==== Records for this exercise ====
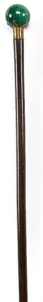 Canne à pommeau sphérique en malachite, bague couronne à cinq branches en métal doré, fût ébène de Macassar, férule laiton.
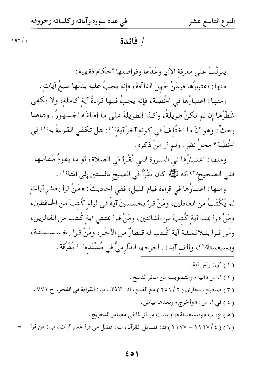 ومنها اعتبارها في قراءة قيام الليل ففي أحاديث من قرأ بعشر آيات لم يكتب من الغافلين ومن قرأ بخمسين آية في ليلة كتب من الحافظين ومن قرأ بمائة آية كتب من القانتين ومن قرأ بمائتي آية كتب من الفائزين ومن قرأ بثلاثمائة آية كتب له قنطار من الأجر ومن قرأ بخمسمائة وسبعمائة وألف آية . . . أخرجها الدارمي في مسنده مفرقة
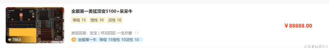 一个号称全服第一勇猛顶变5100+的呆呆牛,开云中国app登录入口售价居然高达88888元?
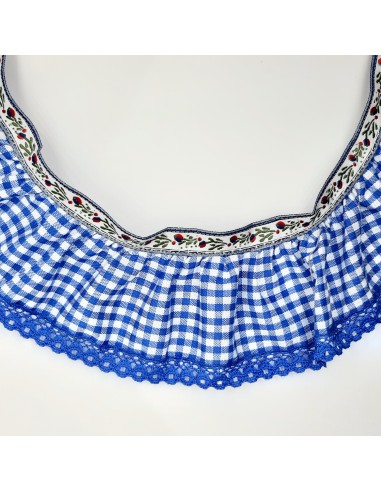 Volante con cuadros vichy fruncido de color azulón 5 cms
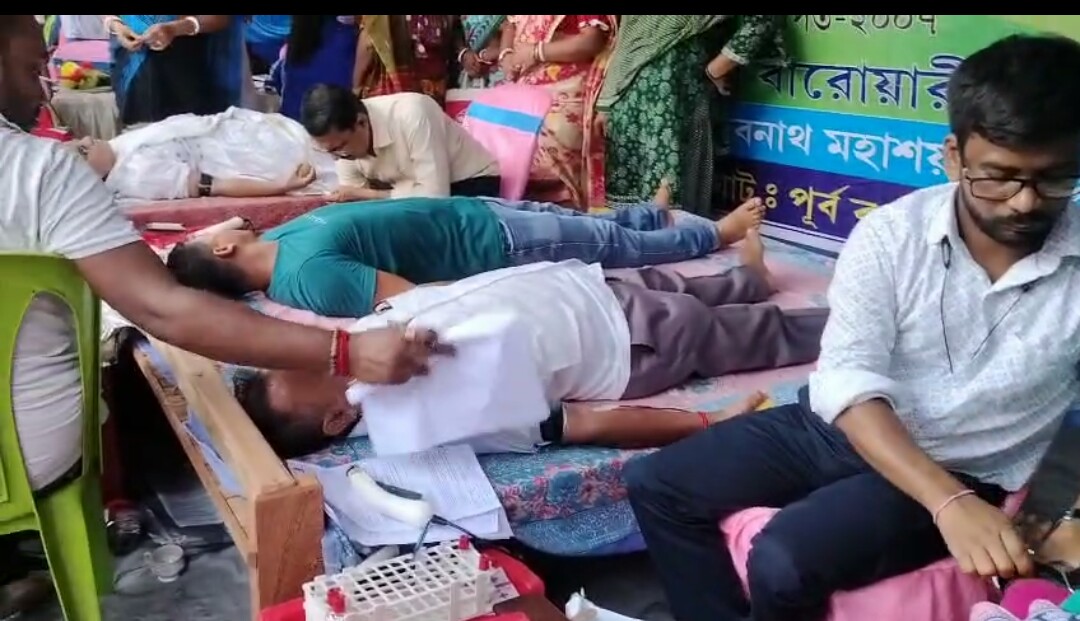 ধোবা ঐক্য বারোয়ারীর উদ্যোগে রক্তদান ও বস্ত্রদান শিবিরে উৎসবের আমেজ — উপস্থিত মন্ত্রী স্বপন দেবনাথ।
====
==== Records for this exercise ====
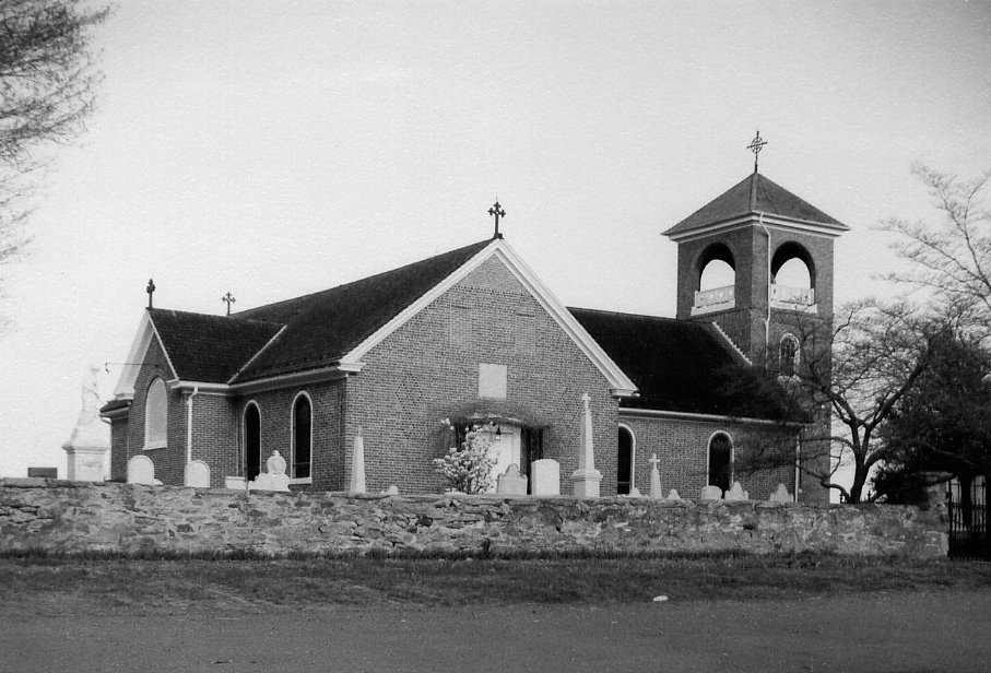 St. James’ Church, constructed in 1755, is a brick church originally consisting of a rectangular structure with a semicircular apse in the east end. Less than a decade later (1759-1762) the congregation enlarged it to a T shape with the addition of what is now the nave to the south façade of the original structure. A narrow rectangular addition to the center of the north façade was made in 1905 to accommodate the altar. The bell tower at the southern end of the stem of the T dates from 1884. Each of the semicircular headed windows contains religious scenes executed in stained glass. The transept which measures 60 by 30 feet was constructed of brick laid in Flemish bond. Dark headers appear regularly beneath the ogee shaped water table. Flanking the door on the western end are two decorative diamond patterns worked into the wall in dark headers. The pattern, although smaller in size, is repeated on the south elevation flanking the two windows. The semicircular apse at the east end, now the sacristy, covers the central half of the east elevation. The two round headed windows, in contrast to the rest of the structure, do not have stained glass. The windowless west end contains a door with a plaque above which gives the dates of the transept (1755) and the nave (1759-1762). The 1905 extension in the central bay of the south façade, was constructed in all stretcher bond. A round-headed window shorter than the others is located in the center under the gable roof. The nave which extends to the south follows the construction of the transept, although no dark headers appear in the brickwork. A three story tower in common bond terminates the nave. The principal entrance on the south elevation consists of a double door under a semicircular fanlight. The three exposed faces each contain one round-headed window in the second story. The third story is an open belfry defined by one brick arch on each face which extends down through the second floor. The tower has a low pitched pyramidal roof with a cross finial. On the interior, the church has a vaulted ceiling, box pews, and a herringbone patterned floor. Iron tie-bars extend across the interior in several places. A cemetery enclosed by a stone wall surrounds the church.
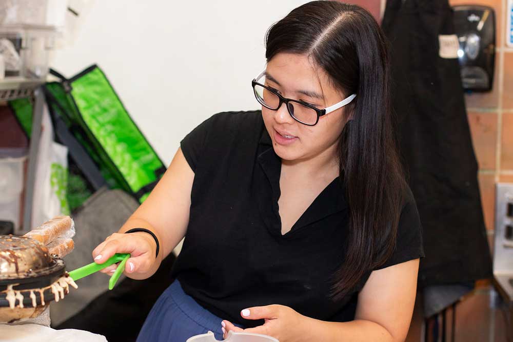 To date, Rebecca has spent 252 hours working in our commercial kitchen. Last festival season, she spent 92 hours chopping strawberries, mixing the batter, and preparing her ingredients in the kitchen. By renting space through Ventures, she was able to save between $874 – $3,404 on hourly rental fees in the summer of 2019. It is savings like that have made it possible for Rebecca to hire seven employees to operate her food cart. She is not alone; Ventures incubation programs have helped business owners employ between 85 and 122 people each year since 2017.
====
Nothing but the lines from the one with "Canne à pommeau" up to and including the one with "ধোবা ঐক্য বারোয়ারীর" should be printed, exactly as they read above. Please keep the pictures out.

 Canne à pommeau sphérique en malachite, bague couronne à cinq branches en métal doré, fût ébène de Macassar, férule laiton.
 ومنها اعتبارها في قراءة قيام الليل ففي أحاديث من قرأ بعشر آيات لم يكتب من الغافلين ومن قرأ بخمسين آية في ليلة كتب من الحافظين ومن قرأ بمائة آية كتب من القانتين ومن قرأ بمائتي آية كتب من الفائزين ومن قرأ بثلاثمائة آية كتب له قنطار من الأجر ومن قرأ بخمسمائة وسبعمائة وألف آية . . . أخرجها الدارمي في مسنده مفرقة
 一个号称全服第一勇猛顶变5100+的呆呆牛,开云中国app登录入口售价居然高达88888元?
 Volante con cuadros vichy fruncido de color azulón 5 cms
 ধোবা ঐক্য বারোয়ারীর উদ্যোগে রক্তদান ও বস্ত্রদান শিবিরে উৎসবের আমেজ — উপস্থিত মন্ত্রী স্বপন দেবনাথ।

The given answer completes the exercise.